EXERCISE DESCRIPTION.
Excluding pictures, retype the line with "Только в кафешках" and each line that follows it to the end of the data below, word for word.
═══ INPUT DATA ═══
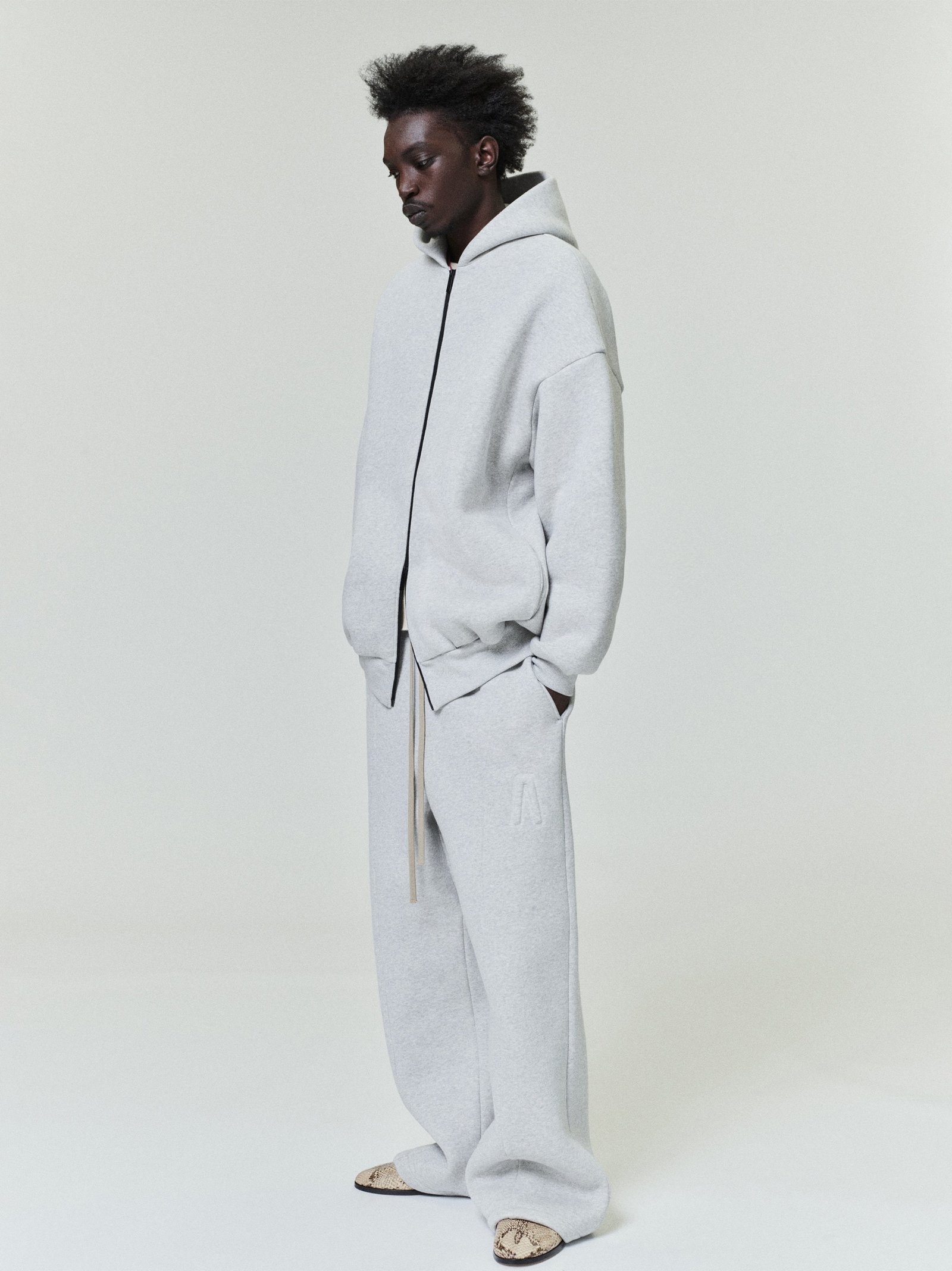 The Athletics Full Zip Hoodie is crafted in Portugal from heavy cotton blend fleece for robust structure. The branding is minimal, featuring an embossed “A” for Athletics and a Fear of God label. This double-layer hoodie features a relaxed fit with drop shoulders, side pockets, rib-knit cuffs and waist-hem.
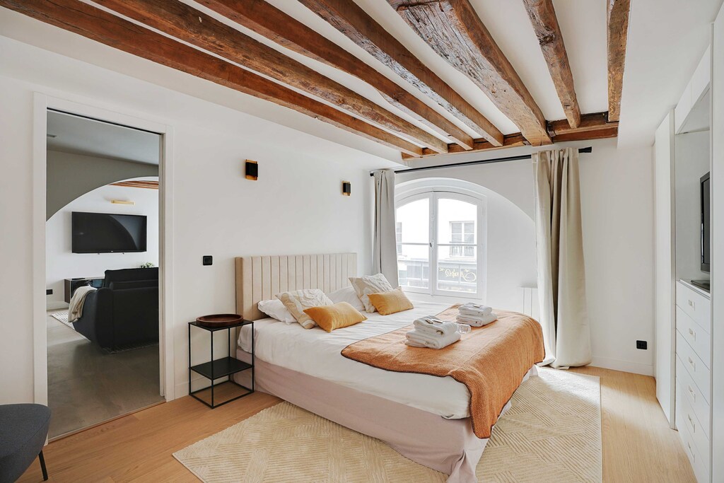 Our stay in Le Marais was truly enjoyable! The host was highly responsive, took initiative and was really accommodating, They checked in on us several times to ensure we had everything we required and to see if there was anything else they could assist with, The place as a whole is simply breathtaking, We appreciated the spacious bed, ample closet space, the washing machine, the beautiful rainfall shower, and of course the bonus espresso and espresso machine, among other things, The location is nestled in a side street, which was unexpectedly quiet at night but bustling during the day, highly walkable with numerous restaurants, bars, and shops right on your doorstep, as well as a metro station just a brief 1 minute walk away, Being on the second floor, the apartment also felt very private and serene, One thing to bear in mind: as Americans, we found the key quite challenging to use since it's quite old-fashioned, we assumed it was a bottle opener,
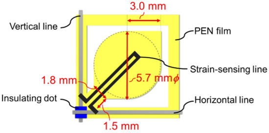 The thicknesses of the vertical and horizontal lines, insulating dots, and strain sensor were measured 7.8, 21.1, 14.1, and 29.5 μm, respectively, by using a microfigure measuring instrument (ET-5000, Kosaka Laboratory, Tokyo, Japan). As these elements were designed using width in the order of submillimeters, defects, such as short circuits and disconnection, could be avoided. In other words, screen printing was confirmed to be a satisfactory method of fabricating submillimeter-order circuits of high quality.
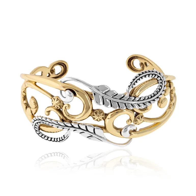 Das Desert Chic Armband aus vergoldetem Silber ist aus 925er Sterlingsilber gefertigt und mit einer eleganten Goldplattierung verziert. Mit einem Gewicht von ca. 7,5 g bietet dieses aufwendig gestaltete Armband eine einzigartige Mischung aus wirbelnden und federartigen Mustern. Es eignet sich sowohl für den Alltag als auch für besondere Anlässe und kann zu einem fließenden Kleid oder einem maßgeschneiderten Outfit getragen werden, um einen Hauch von Raffinesse zu vermitteln.
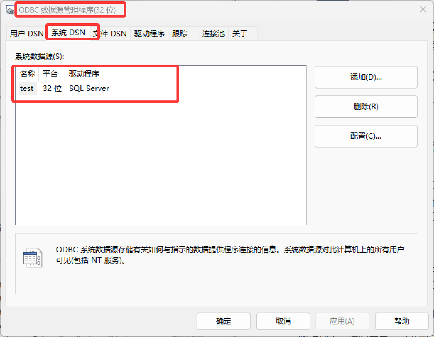 - 界面:打开后会看到 “用户 DSN”“系统 DSN”“文件 DSN” 等选项卡,博客中选择 **“系统 DSN”**(优点:此电脑所有用户可见,包括系统服务)。
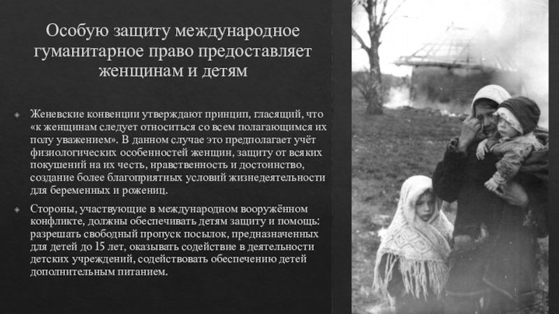 Слайд 18Особую защиту международное гуманитарное право предоставляет женщинам и детям
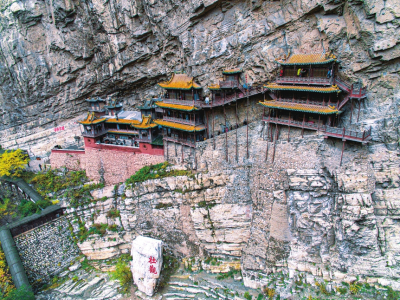 懸空寺位于恒山第二主峰翠屏峰的半崖峭壁間,始建于北魏后期,距今已有1500多年的歷史。整個(gè)建筑上載危巖,下臨深谷,樓閣懸空,結(jié)構(gòu)奇巧,是我國(guó)古建筑中罕見(jiàn)的杰作,堪稱(chēng)“天下一絕”。詩(shī)仙李白游懸空寺后揮毫寫(xiě)下“壯觀”二字,以表其懷。明代旅行家徐霞客在其著作《徐霞客游記》中稱(chēng)贊懸空寺為“天下巨觀”。歷史文化名城保護(hù)委員會(huì)副主任、著名文物專(zhuān)家鄭孝燮視察懸空寺后題詞:“懸空寺玄、絕、奇、險(xiǎn),百來(lái)百看不厭”。
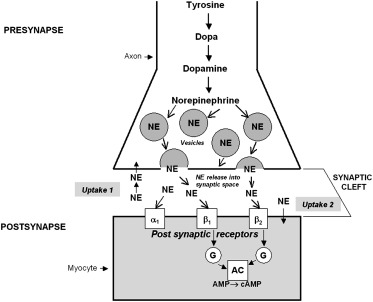 It is known that activation of the sympathetic nervous system (SNS) occurs in systolic HF as shown in Figure 1 . Overactive sympathetic innervation involves increased release of norepinephrine (NE), the main neurotransmitter of the cardiac SNS. In response to sympathetic stimulation, NE is released from vesicles into the neuronal synaptic cleft. The released NE binds to postsynaptic beta-1, beta-2, and alpha-receptors; amplifies adenyl cyclase activity; and produces the desired cardiac stimulatory effects. NE is then reabsorbed into the presynaptic space for storage or catabolic disposal, terminating the synaptic response by the uptake-1 pathway. The increased release of NE usually correlates with decreased NE reuptake, which further increases circulating NE levels. This abnormal activation of the SNS eventually leads to further disease progression.
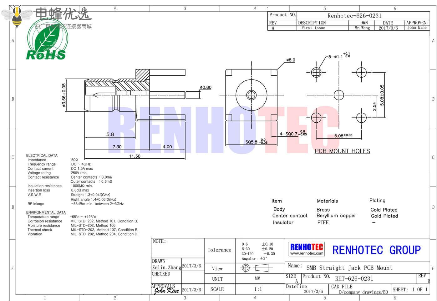 - PCB板端,母头,直插,RF射频同轴,SMB连接器,50欧姆;
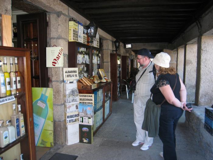 Только в кафешках сидят немногочисленные испанцы и пьют различные напитки. Магазинчики, как правило, закрыты, за исключением винных лавок, которых здесь множество. Продают в основном вина Albarinos, Ribeiros различных сортов по цене от 8 до 18 евро за три бутылки. Также стоят в витринах различные ликеры Галисии.
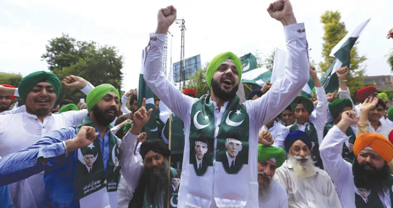 أفراد من السيخ يحتفلون بذكرى استقلال باكستان في بيشاور أمس (إ.ب.أ)
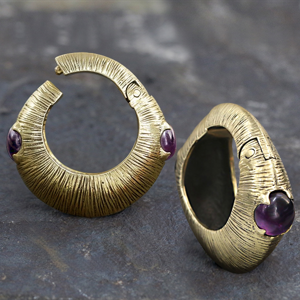 Description: Brass Ear Weight with Amethyst
═══
WRITTEN RESPONSE.
 Только в кафешках сидят немногочисленные испанцы и пьют различные напитки. Магазинчики, как правило, закрыты, за исключением винных лавок, которых здесь множество. Продают в основном вина Albarinos, Ribeiros различных сортов по цене от 8 до 18 евро за три бутылки. Также стоят в витринах различные ликеры Галисии.
 أفراد من السيخ يحتفلون بذكرى استقلال باكستان في بيشاور أمس (إ.ب.أ)
 Description: Brass Ear Weight with Amethyst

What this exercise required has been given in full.